• PROBLEM TO SOLVE: Repeat the lines below exactly as they appear, but leave out the images.

• DATA SEGMENT:
>>>
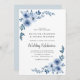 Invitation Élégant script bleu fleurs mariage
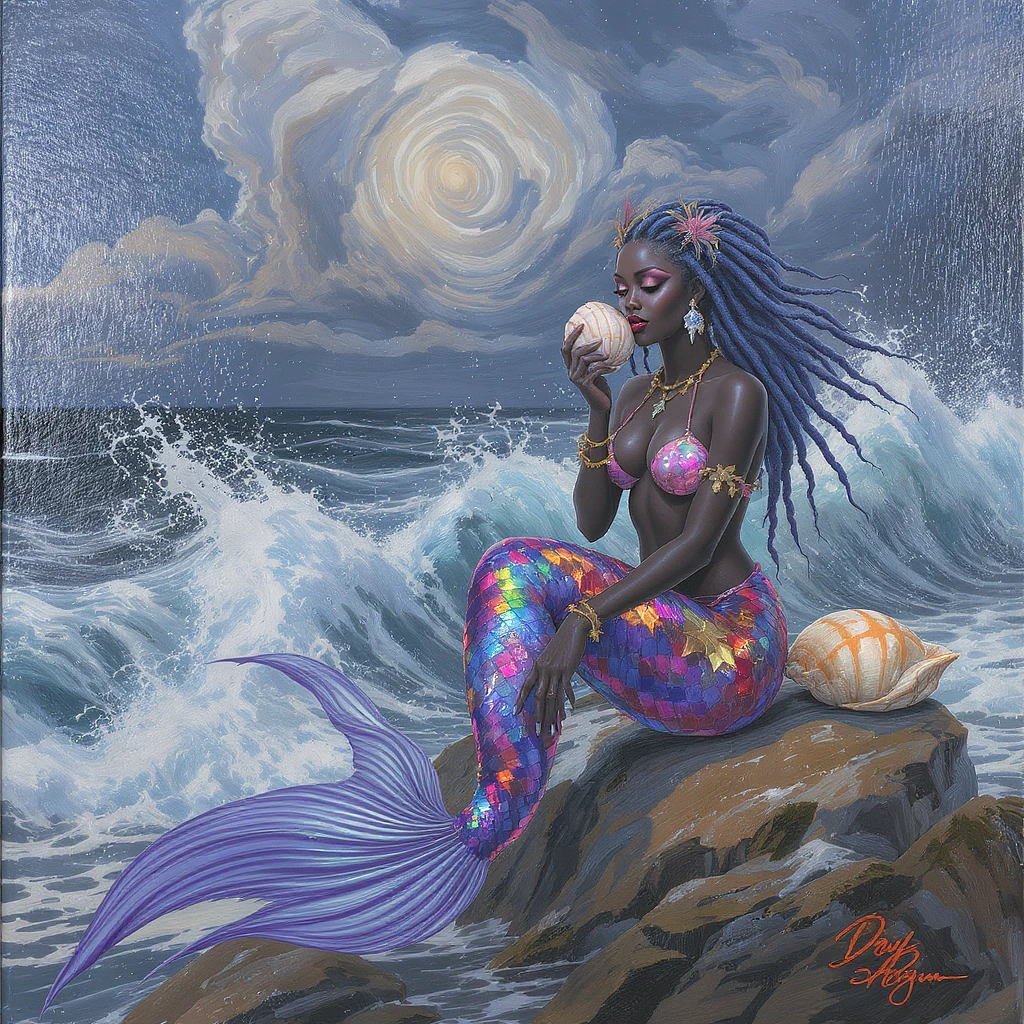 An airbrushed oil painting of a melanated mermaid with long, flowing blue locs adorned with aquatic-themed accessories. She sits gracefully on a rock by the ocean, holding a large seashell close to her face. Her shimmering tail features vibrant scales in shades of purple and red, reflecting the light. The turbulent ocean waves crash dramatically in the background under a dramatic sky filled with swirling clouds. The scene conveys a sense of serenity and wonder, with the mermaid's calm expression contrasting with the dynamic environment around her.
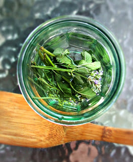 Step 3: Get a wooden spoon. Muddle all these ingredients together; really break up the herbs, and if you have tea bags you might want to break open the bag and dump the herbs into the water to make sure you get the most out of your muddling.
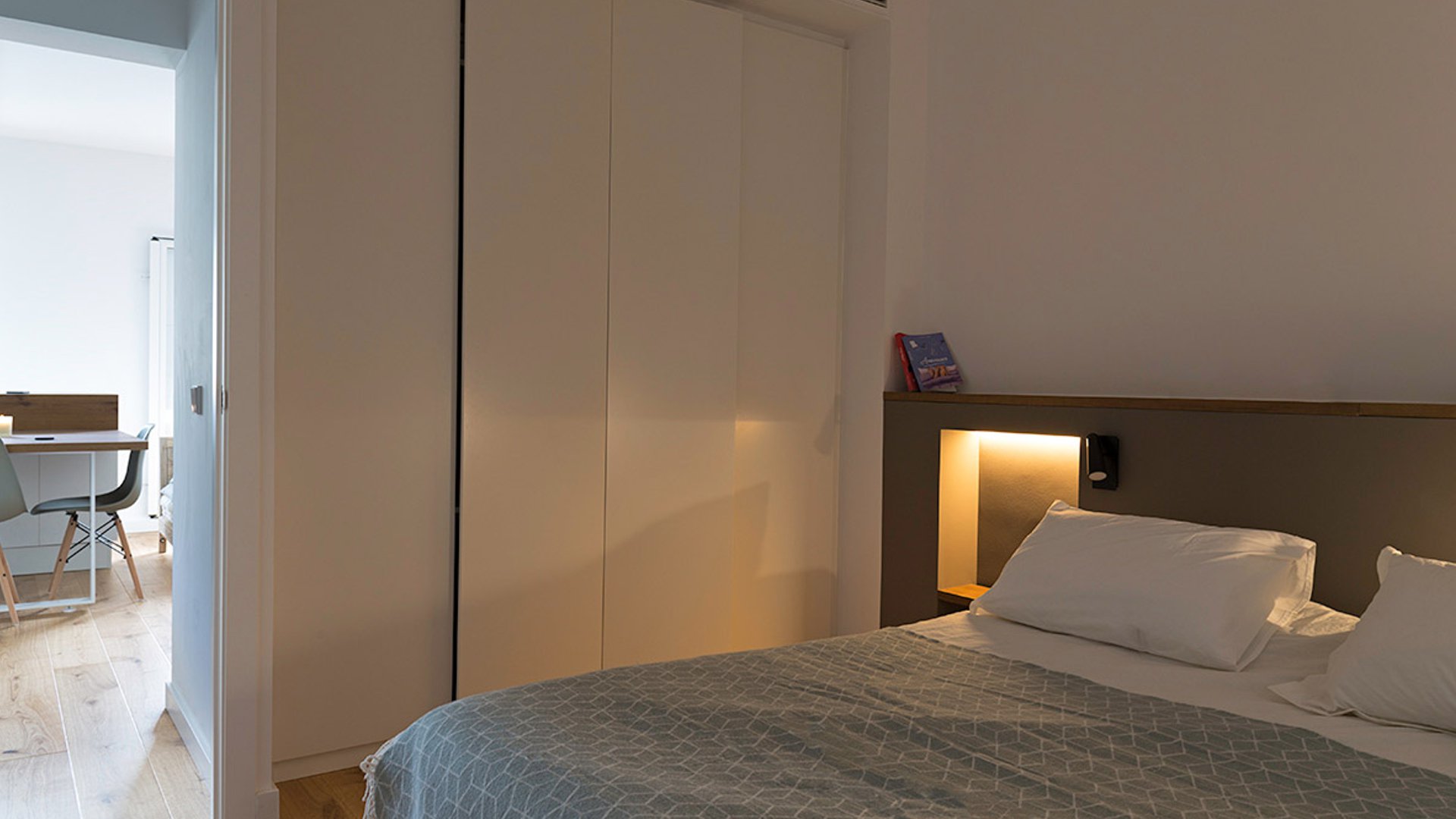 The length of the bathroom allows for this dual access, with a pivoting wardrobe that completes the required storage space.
<<<
• SOLUTION FOR THIS PROBLEM:
 Invitation Élégant script bleu fleurs mariage
 An airbrushed oil painting of a melanated mermaid with long, flowing blue locs adorned with aquatic-themed accessories. She sits gracefully on a rock by the ocean, holding a large seashell close to her face. Her shimmering tail features vibrant scales in shades of purple and red, reflecting the light. The turbulent ocean waves crash dramatically in the background under a dramatic sky filled with swirling clouds. The scene conveys a sense of serenity and wonder, with the mermaid's calm expression contrasting with the dynamic environment around her.
 Step 3: Get a wooden spoon. Muddle all these ingredients together; really break up the herbs, and if you have tea bags you might want to break open the bag and dump the herbs into the water to make sure you get the most out of your muddling.
 The length of the bathroom allows for this dual access, with a pivoting wardrobe that completes the required storage space.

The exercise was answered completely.